Problem details:
Taking the records below, count the lines in which "Пользование" appears and supply only the count.

Items from a data source
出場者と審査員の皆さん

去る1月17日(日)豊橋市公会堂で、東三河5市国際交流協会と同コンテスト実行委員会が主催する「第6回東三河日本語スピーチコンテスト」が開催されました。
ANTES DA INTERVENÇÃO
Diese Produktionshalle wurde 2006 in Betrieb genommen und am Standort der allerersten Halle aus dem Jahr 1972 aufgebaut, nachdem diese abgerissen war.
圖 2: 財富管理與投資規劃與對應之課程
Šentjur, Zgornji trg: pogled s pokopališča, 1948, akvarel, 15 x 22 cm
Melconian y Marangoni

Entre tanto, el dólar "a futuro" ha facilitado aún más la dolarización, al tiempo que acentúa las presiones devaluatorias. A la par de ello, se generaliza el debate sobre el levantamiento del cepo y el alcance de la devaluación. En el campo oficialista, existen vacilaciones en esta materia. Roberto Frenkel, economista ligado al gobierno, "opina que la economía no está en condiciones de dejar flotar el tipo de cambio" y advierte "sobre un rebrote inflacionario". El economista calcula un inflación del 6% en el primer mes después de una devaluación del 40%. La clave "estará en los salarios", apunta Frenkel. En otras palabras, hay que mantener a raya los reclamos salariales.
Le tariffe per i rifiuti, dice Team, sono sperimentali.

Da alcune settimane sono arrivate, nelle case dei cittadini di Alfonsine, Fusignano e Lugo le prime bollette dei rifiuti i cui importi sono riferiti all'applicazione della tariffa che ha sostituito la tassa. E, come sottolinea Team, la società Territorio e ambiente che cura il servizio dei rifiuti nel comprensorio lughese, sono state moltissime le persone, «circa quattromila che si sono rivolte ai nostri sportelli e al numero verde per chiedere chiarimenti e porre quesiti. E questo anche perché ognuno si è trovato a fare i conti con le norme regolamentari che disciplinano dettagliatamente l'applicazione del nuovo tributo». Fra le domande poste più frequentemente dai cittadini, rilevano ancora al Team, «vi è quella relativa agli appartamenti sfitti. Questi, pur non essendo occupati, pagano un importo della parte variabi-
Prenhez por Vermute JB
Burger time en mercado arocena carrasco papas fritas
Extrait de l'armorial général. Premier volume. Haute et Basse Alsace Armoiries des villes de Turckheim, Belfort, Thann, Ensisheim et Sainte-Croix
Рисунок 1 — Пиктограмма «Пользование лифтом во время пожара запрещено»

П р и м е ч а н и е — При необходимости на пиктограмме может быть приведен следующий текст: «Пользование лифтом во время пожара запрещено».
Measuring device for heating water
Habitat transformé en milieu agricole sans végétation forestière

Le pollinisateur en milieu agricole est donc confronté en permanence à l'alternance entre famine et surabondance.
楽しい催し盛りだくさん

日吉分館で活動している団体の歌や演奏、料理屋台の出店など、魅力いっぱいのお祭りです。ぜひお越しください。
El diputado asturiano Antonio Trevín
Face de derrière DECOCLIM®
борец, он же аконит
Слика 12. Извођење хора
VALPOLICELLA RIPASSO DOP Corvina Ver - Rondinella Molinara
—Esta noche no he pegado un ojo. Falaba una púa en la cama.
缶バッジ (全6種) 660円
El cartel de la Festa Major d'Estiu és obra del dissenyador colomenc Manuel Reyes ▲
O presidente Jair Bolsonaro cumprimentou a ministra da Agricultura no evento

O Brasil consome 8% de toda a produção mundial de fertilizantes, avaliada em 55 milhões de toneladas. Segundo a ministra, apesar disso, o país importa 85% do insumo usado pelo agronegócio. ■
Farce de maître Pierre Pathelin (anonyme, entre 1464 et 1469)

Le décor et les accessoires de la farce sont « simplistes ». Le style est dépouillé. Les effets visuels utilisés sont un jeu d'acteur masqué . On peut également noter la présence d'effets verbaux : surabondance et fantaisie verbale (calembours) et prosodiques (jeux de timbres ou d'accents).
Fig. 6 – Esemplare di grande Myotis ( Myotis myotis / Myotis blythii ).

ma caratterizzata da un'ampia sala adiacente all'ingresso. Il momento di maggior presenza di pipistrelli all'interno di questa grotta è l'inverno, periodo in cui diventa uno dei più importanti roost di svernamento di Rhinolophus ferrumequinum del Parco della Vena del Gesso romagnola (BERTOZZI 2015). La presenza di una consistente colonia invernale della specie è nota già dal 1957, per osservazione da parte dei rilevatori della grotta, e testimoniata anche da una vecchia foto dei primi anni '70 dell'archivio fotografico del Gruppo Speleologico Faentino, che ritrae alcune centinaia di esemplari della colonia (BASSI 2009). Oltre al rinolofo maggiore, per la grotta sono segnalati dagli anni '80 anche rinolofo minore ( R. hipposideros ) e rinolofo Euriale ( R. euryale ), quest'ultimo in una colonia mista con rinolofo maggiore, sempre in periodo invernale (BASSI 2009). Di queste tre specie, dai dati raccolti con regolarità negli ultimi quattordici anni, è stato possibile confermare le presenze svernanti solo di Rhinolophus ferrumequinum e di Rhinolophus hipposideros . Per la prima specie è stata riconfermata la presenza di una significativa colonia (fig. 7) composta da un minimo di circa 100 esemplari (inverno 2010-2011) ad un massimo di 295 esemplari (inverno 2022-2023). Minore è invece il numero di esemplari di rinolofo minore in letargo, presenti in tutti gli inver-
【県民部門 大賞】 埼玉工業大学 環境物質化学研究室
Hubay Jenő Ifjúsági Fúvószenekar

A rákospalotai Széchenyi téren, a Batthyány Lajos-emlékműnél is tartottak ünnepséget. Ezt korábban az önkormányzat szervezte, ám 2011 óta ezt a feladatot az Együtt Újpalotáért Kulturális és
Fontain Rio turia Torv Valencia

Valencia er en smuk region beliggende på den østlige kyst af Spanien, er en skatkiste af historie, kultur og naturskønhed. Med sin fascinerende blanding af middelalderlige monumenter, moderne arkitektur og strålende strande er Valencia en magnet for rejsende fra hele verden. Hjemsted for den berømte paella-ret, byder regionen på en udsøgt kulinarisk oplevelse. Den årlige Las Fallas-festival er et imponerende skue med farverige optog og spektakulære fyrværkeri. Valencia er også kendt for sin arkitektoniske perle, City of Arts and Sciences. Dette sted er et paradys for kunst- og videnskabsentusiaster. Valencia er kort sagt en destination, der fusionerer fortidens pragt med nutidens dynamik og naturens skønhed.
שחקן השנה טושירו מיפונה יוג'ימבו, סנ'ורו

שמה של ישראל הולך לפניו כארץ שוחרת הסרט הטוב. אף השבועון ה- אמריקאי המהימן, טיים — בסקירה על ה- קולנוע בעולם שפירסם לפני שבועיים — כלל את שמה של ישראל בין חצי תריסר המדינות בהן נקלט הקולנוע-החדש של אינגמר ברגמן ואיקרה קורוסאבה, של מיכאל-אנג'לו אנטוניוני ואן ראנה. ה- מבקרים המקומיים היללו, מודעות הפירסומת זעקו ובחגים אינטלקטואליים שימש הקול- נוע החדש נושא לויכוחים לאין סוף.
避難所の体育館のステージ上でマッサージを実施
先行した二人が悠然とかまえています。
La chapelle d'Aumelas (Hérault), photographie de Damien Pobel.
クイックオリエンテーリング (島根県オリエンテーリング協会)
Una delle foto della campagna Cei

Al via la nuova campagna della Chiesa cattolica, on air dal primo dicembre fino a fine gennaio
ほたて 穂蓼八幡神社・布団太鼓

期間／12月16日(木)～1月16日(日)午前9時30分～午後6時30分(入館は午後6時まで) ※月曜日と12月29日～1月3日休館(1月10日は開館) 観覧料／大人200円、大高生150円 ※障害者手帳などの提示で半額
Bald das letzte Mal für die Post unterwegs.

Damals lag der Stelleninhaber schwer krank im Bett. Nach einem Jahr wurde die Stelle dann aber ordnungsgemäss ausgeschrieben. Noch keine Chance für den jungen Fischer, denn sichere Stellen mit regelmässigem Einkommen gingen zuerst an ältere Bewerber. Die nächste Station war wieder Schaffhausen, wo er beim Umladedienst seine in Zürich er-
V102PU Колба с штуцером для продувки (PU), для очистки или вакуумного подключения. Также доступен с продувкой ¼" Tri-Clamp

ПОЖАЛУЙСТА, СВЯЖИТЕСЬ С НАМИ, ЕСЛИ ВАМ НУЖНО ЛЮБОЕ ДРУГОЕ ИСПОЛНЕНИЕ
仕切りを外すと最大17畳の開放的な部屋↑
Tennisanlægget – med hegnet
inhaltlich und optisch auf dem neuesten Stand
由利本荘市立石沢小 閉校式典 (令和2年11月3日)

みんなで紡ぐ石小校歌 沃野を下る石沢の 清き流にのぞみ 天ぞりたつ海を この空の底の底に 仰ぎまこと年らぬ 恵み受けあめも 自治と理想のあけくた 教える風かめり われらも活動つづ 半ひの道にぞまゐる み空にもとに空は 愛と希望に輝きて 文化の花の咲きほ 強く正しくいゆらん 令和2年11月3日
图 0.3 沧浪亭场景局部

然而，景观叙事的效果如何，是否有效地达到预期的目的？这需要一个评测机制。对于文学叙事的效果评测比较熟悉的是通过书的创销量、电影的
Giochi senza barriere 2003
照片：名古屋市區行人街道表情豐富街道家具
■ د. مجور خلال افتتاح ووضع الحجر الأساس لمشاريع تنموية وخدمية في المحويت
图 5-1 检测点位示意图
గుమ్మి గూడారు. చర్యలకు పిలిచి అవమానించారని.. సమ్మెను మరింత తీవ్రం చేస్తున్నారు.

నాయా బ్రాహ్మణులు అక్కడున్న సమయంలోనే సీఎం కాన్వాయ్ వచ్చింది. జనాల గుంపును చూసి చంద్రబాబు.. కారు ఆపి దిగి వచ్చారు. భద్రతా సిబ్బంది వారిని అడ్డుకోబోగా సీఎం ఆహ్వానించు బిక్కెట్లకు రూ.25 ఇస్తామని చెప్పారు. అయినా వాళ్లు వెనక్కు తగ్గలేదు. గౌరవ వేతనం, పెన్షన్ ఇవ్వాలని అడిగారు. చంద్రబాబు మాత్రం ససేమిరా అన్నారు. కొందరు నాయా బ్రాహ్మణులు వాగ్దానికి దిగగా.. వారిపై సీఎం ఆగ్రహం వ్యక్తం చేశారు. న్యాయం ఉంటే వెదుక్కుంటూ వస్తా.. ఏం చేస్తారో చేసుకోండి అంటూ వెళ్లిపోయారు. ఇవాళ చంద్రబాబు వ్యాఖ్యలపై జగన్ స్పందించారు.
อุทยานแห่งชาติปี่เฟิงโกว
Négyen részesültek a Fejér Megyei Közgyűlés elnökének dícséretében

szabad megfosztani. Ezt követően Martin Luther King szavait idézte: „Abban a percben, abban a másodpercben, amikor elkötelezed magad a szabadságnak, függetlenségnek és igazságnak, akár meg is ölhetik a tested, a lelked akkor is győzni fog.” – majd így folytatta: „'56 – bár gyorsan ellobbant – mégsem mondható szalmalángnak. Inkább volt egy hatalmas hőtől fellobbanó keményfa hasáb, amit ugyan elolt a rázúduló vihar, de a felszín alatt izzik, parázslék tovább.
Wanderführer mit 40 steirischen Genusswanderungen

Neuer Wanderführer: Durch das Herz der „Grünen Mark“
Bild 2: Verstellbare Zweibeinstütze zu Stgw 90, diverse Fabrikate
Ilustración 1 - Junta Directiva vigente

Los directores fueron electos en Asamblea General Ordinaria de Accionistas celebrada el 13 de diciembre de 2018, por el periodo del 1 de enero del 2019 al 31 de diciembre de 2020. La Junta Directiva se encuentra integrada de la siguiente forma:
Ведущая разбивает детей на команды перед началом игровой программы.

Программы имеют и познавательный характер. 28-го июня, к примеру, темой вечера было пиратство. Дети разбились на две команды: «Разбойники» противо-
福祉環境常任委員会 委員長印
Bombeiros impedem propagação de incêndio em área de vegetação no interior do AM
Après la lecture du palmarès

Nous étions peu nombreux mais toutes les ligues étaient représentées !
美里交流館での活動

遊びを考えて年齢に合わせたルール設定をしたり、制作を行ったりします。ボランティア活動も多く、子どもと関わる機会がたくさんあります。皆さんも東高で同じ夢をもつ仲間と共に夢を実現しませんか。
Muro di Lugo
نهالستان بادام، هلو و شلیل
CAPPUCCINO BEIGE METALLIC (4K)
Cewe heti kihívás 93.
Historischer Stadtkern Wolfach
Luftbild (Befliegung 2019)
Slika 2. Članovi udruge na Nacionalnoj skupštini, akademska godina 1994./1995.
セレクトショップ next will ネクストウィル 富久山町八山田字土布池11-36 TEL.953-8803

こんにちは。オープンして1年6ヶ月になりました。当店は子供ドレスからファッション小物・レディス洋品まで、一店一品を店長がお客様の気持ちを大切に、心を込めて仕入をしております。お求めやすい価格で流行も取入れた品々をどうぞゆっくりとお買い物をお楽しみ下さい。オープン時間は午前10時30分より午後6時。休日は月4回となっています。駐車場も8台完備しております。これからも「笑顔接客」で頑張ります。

Finished exercise:
2